[Dataset items]
● ● ● ● ●
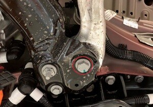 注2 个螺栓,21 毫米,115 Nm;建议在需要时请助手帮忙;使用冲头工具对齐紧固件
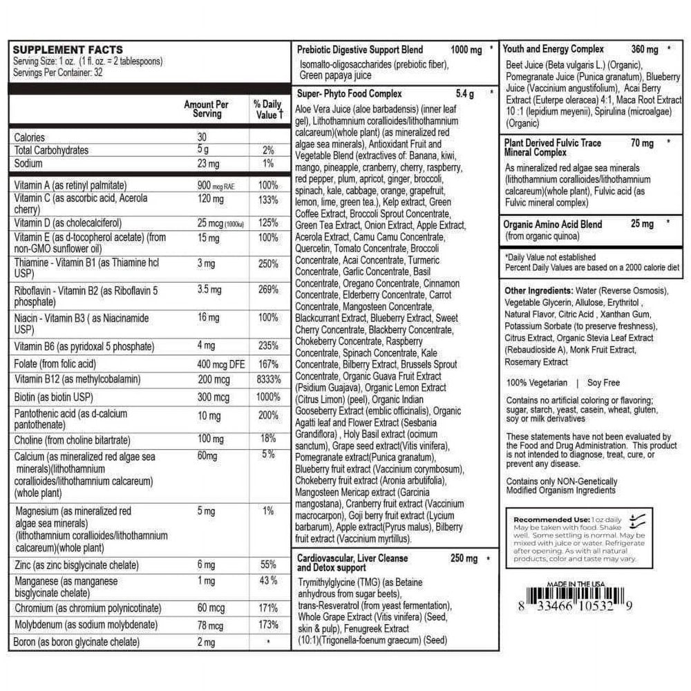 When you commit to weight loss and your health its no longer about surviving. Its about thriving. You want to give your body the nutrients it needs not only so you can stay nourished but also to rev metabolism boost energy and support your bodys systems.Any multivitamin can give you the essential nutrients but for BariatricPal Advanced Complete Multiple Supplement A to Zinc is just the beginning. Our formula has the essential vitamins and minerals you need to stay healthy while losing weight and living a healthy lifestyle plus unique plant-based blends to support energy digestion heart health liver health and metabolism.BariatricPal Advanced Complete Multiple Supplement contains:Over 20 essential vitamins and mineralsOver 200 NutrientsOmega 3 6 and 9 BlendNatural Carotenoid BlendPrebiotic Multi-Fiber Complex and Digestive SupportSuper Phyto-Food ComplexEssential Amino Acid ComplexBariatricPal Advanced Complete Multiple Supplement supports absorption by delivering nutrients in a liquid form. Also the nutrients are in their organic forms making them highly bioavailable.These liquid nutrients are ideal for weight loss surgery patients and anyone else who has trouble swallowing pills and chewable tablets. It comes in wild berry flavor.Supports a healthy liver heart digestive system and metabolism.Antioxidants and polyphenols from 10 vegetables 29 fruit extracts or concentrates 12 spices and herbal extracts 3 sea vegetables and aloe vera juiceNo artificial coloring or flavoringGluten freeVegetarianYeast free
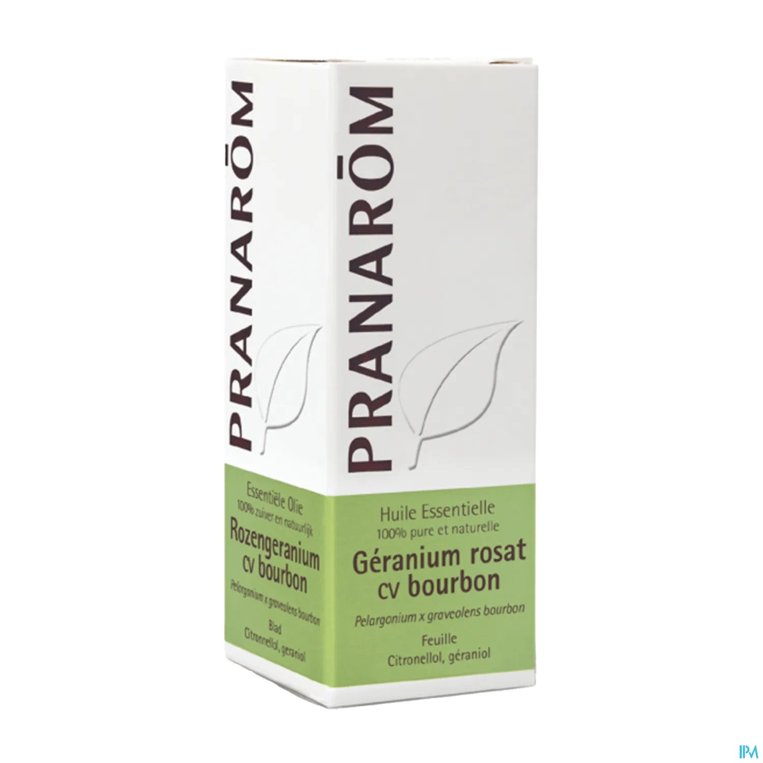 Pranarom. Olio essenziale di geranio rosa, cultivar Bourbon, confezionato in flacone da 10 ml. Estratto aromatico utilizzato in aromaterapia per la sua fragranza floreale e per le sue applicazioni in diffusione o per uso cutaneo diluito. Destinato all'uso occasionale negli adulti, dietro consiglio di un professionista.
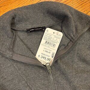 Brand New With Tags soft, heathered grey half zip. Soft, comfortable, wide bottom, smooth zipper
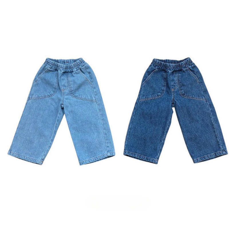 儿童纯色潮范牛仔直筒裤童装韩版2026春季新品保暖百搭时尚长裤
● ● ● ● ●
Your copy should hold exactly the lines from the one with "Brand New With" through the final line of the records, both ends included, and no pictures.

--- Problem solution ---
 Brand New With Tags soft, heathered grey half zip. Soft, comfortable, wide bottom, smooth zipper
 儿童纯色潮范牛仔直筒裤童装韩版2026春季新品保暖百搭时尚长裤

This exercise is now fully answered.